The answer is c. To find the expected profits when there are 24 calamities, substitute x=24 into the regression equation and solve for y . y=342.6−2.10(24) , so y=292.2 . Since y is measured in millions of dollars, the expected profit is $ 292.2 million.

A company wants to study the relationship between the price of a widget and the demand for that widget. They collect data on the demand corresponding to different prices and come up with the regression equation y=−6.01x+82.18 where x is the price of the widget and y is the demand. Data was collected for prices between $ 2 to $ 13 per widget. What is the predicted demand for a widget priced at $ 6 ? Round to the nearest integer. a) 82 widgets b) 118 widgets c) 52 widgets d) 46 widgets

The answer is d. Use the regression equation and substitute x=6 and solve for y . y=−6.01(6)+82.18 , so y=46.12 , which rounds to 46 widgets.

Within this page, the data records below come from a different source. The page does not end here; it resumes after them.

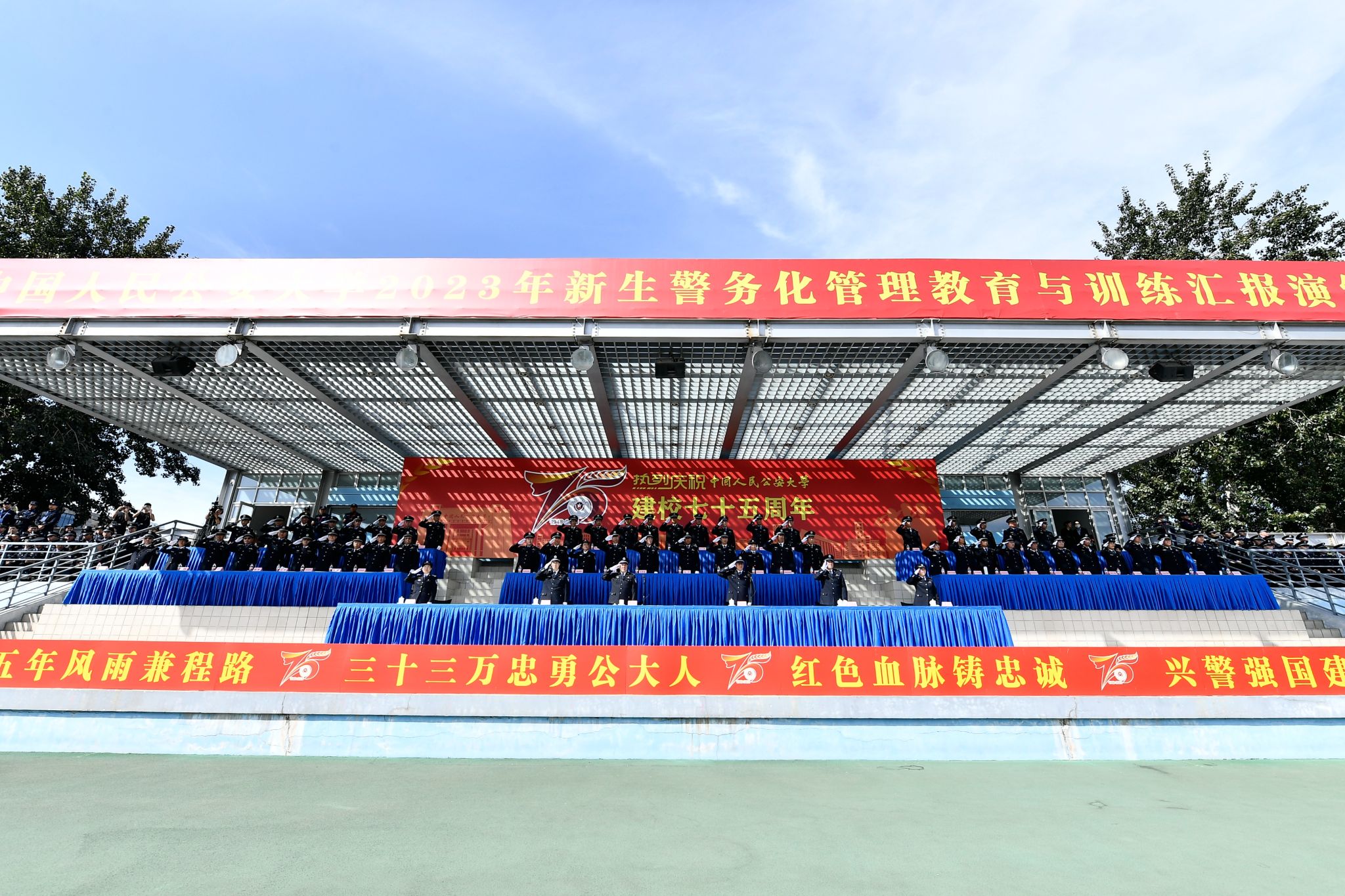 曹诗权校长在讲话中代表学校党委和全校师生员工对2023级新同学如愿迈入公安大学、光荣入列共和国预备警官队伍表示热烈祝贺。他指出,今年是公安大学建校75周年。75年来,学校始终赓续对党忠诚的红色基因,始终秉承为党育人、为国育才、为警铸剑的办学初心,始终坚持奋进创新的价值追求,始终站在国家安全战略的前沿,与人民公安事业发展同向同行。他强调,学校将深入贯彻落实公安部党委对学校发展建设提出的目标要求,当好全国公安院校的“排头兵”,当好公安高等教育事业高质量发展的“排头兵”,以“双一流”建设为牵引,加快建设“全国领军、世界一流”公安高等学府,为推进公安工作现代化提供有力的支撑。他对2023级新同学提出四点希望:一是要明白“士不可以不弘毅,任重而道远”的道理,坚持不懈用党的创新理论武装头脑、凝心铸魂,时刻牢记“公大学子”“预备警官”身份,赓续红色基因,传承忠诚血脉;二是要努力做到“博观而约取,厚积而薄发”,珍惜宝贵时光,静心读书、潜心钻研,专攻博览、注重实践,勇于创新、追求卓越;三是要学习“千磨万击还坚劲,任尔东西南北风”的境界,始终对标人民警察的职业标准,保持练出来的“精气神”,主动走出“舒适区”,学会“自找苦吃”,磨炼顽强意志,练就过硬本领;四是要领悟“君子慎独,修己以安人”的内涵,坚持更高标准、更严要求的主基调,深刻理解从严治校的内涵,自觉遵规守纪,做到“慎独慎微”,要努力向先进学习、向榜样靠拢,时刻保持争先创优的劲头。
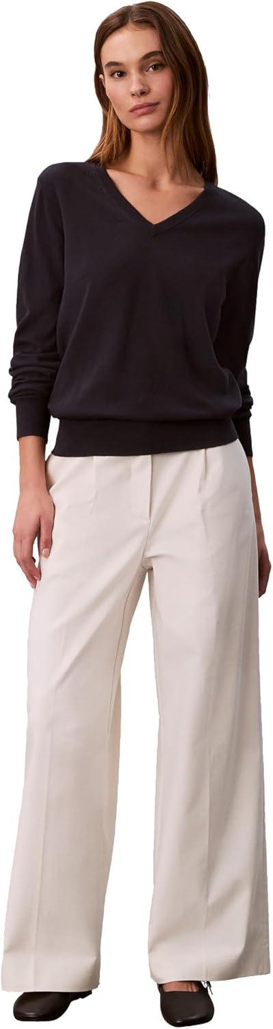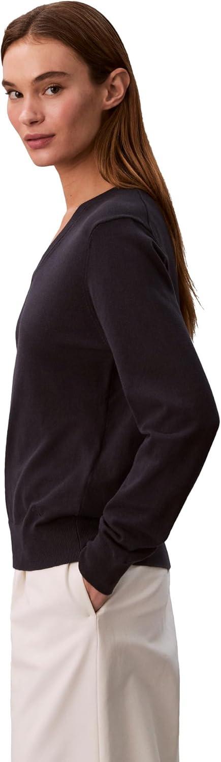 Calvin Klein Women's Monogram Logo V-Neck Sweater(Inkwell)
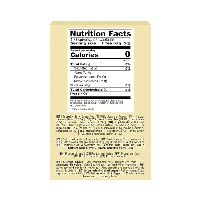 VAHDAM, Jasmine Green Tea Bags (100 Count) Med Caffeine, Non GMO | High Grown Green Tea Blended w/Pure Jasmine Flowers | Resealable Ziplock Pouch
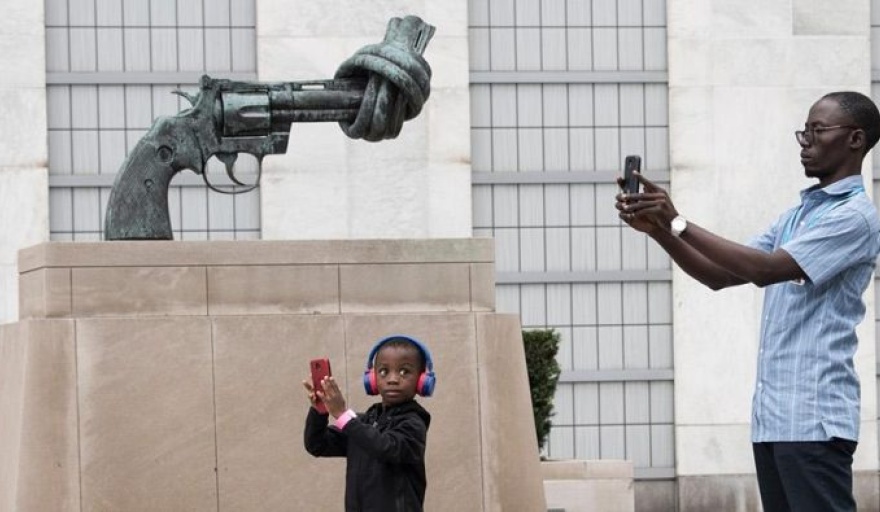 Un hombre y su hijo en la escultura 'No violencia' de la ONU en Nueva York | Foto de ONU/Kim Haughton
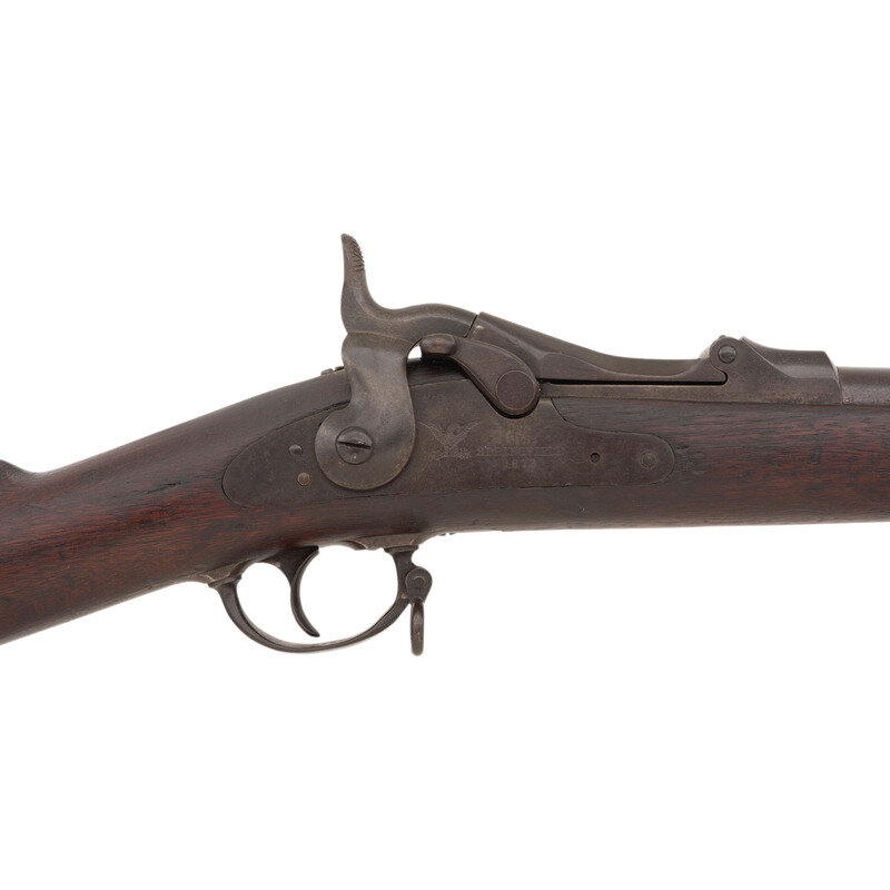 .45/70. 32.5" barrel length. SN: 172638. Blued finish with casehardened frame and breechblock mounting a full length straight wrist stock retained by two barrel bands. Single shot trapdoor action breechloading rifle mounting adjustable ladder rear notch and front blade sights. Lockplate is marked with the {US Army Eagle} followed by U.S./SPRINGFIELD/1873. Upper surface of the low arch breechblock is struck U.S/MODEL/1873. Barrel is proof marked with V/P/{double stamped Eaglehead}/P. Rifle mounts a three-click tumbler, and a frame the same width as the barrel. Freefloating firing pin. Star mark on the rear receiver near serial number indicates this item was most likely built using overrun and reclaimed parts, hence the mixture of early and later features. Stock has been sanded, rendering the cartouches on the counterpane illegible. Comes with cleaning rod. {ANTIQUE}
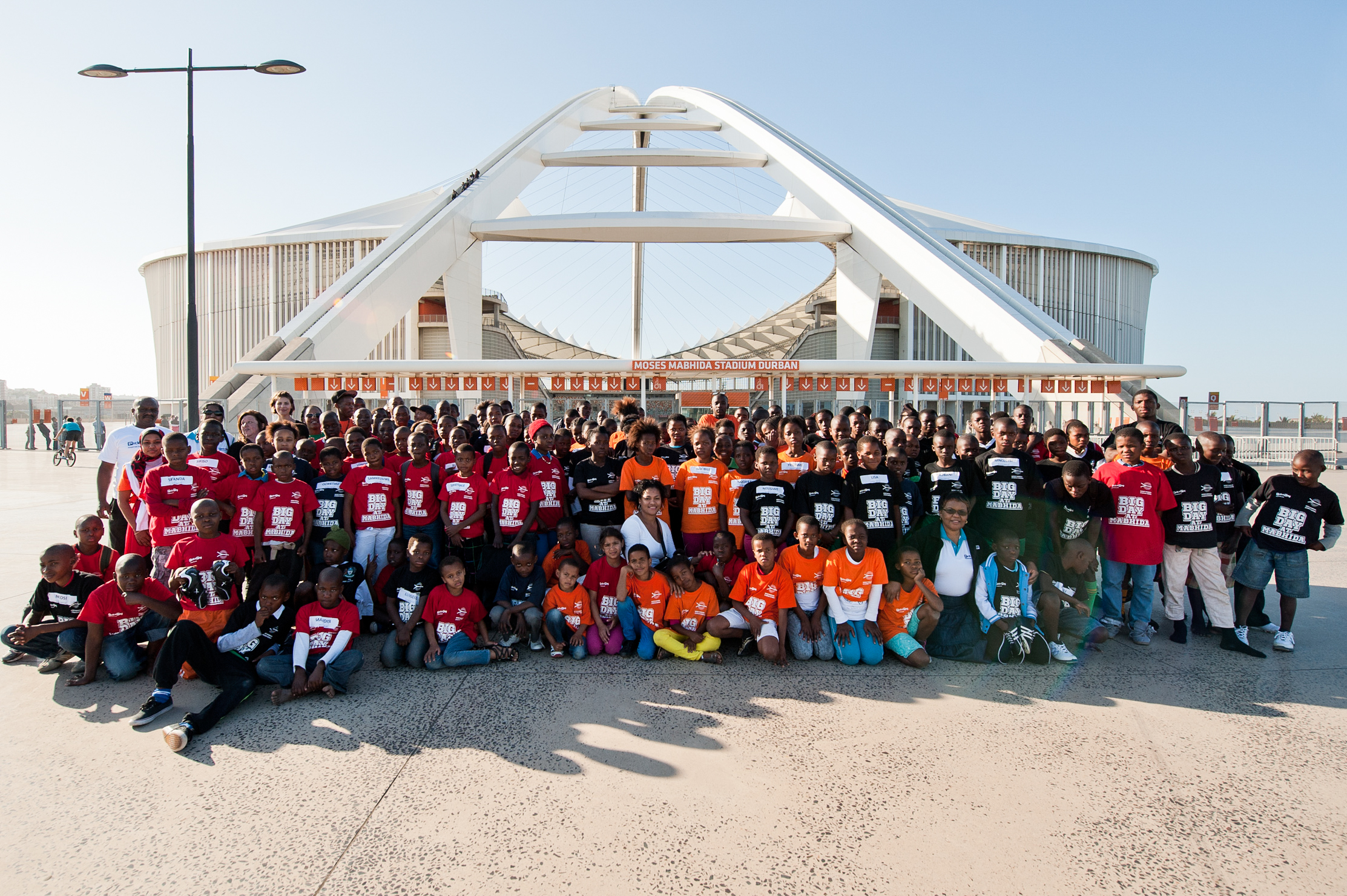 Our “Big Day at Mabhida” in July was fun for all. 130 children got to go to the awesome Moses Mabhida stadium for a fun filled day. The kids enjoyed a sky ride on the arch, a tour of the stadium as well as a special treat were they also got to see the famous Manchester city play as guests of the club.
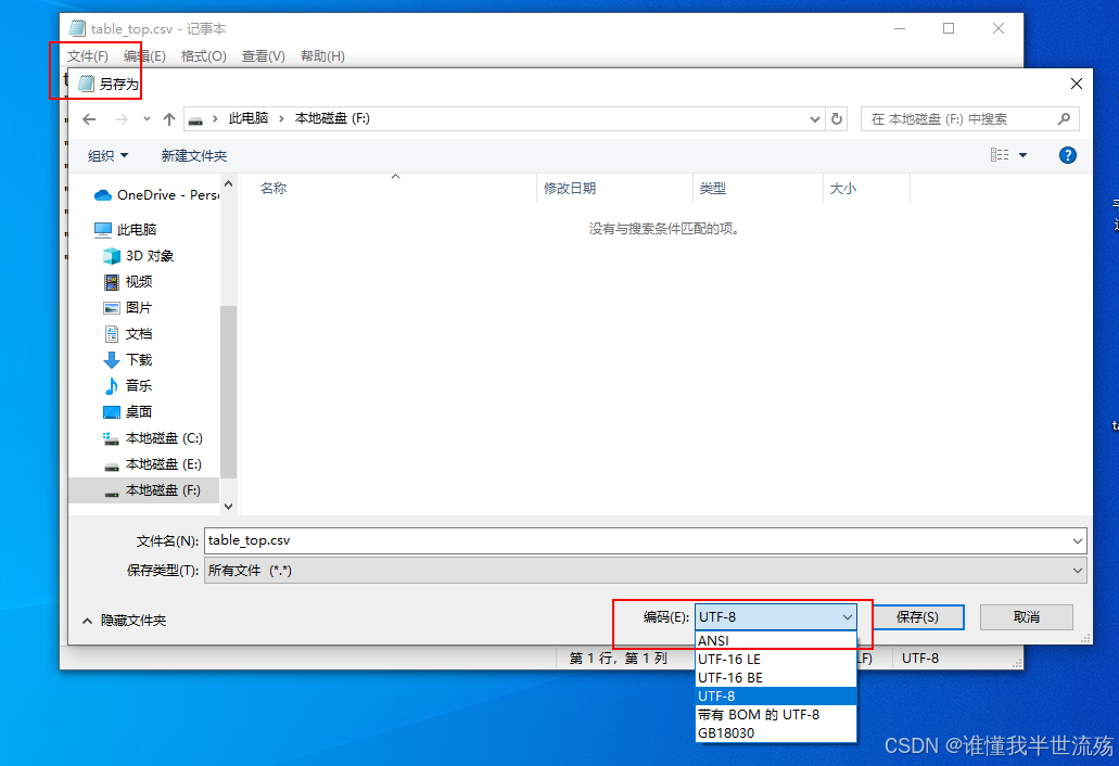 - 在打开的记事本中,点击文件-另存为-编码选择UTF-8,保存。就能将文件编码格式转化为UTF-8,中文不在乱码

A lurking variable can affect the explanatory variable or response variable. True or False?

The correct answer is a. A lurking variable can have an effect on both the explanatory and response variables.

Which of the following best describes a scatterplot that has a correlation coefficient of −0.3 ? a) The points loosely follow a line that is moving down and to the right. b) The points closely follow a line that is moving down and to the right. c) The points roughly move up and to the right, but do not follow that close to a linear pattern. d) None of the above.

The correct answer is a. If a scatterplot has a correlation coefficient of −0.3 , that indicates there is a weak negative correlation. Therefore, the points would roughly move down and to the right, but not follow that close to a linear pattern.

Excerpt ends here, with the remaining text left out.